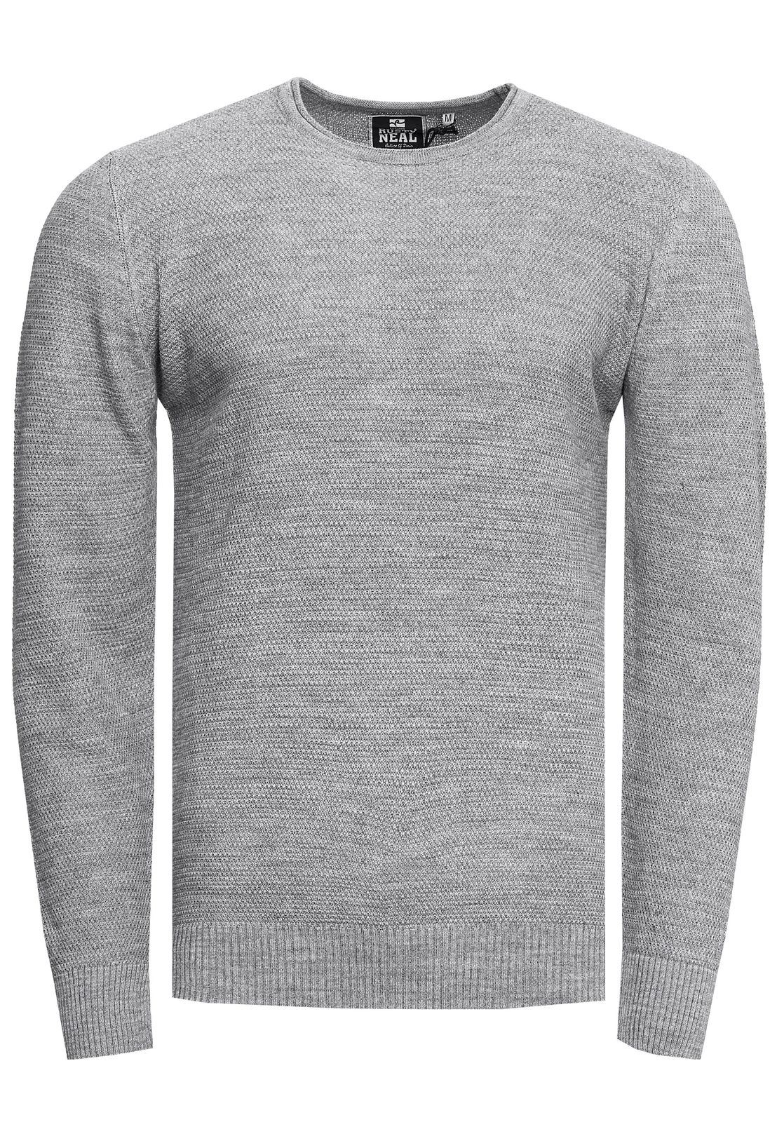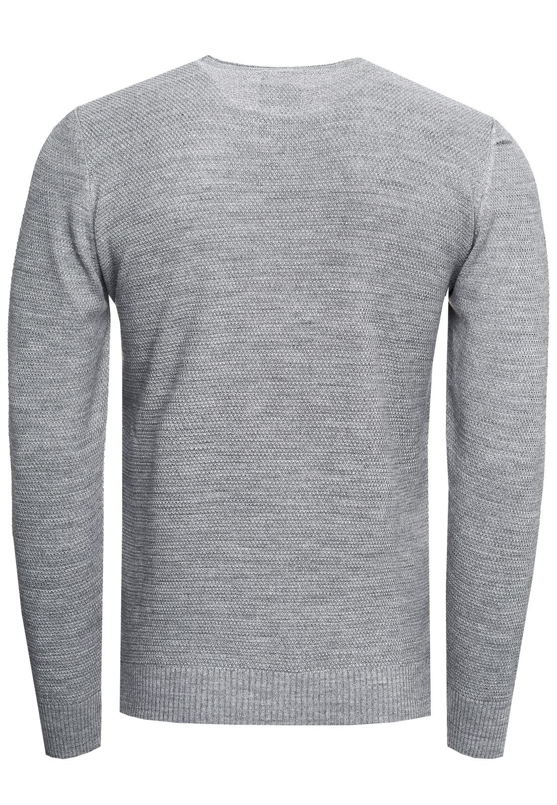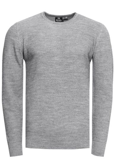 Suéter básico atemporal de punto fino para hombre con cuello redondo y textura, suéter de punto de corte entallado 13379 Gris
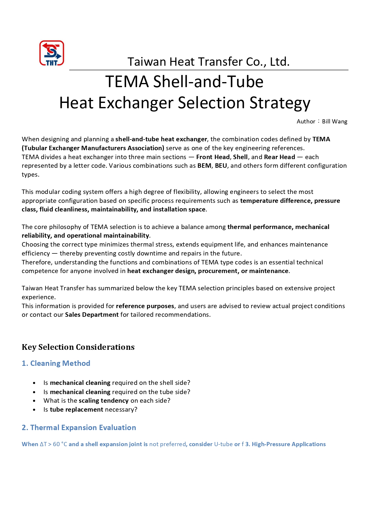 TEMA Selection Guidelines
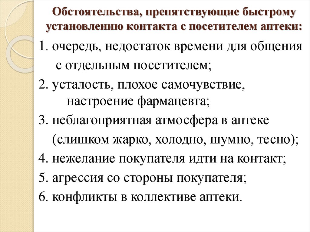 7. Обстоятельства, препятствующие быстрому установлению контакта с посетителем аптеки:
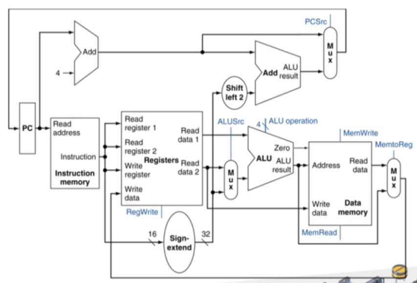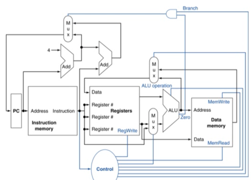 - 명령어에 따라 ALU 연산 또는 메모리로부터 load/ store 작업 수행, 브랜치 명령어 등등
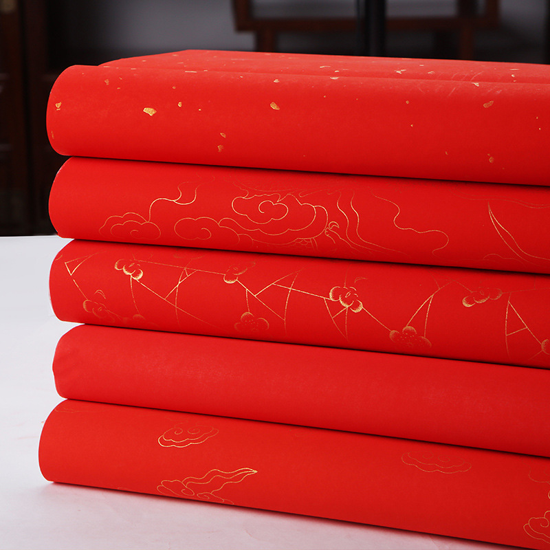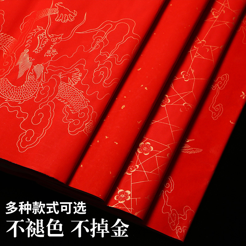Perpetual Red Couplets Red Paper Whole Large Zhang Thickened Four Feet Sprinkle Golden Dragon Phoenix Cut Paper Wedding Spring Couplets Great Red Half Raw Rice Paper

☆ ☆ ☆ ☆ ☆ ☆ ☆

Without the pictures, repeat exactly the lines running from the line containing "TEMA Selection Guidelines" through the end of the data, both ends included.

Result of the exercise:
 TEMA Selection Guidelines
 7. Обстоятельства, препятствующие быстрому установлению контакта с посетителем аптеки:
 - 명령어에 따라 ALU 연산 또는 메모리로부터 load/ store 작업 수행, 브랜치 명령어 등등
Perpetual Red Couplets Red Paper Whole Large Zhang Thickened Four Feet Sprinkle Golden Dragon Phoenix Cut Paper Wedding Spring Couplets Great Red Half Raw Rice Paper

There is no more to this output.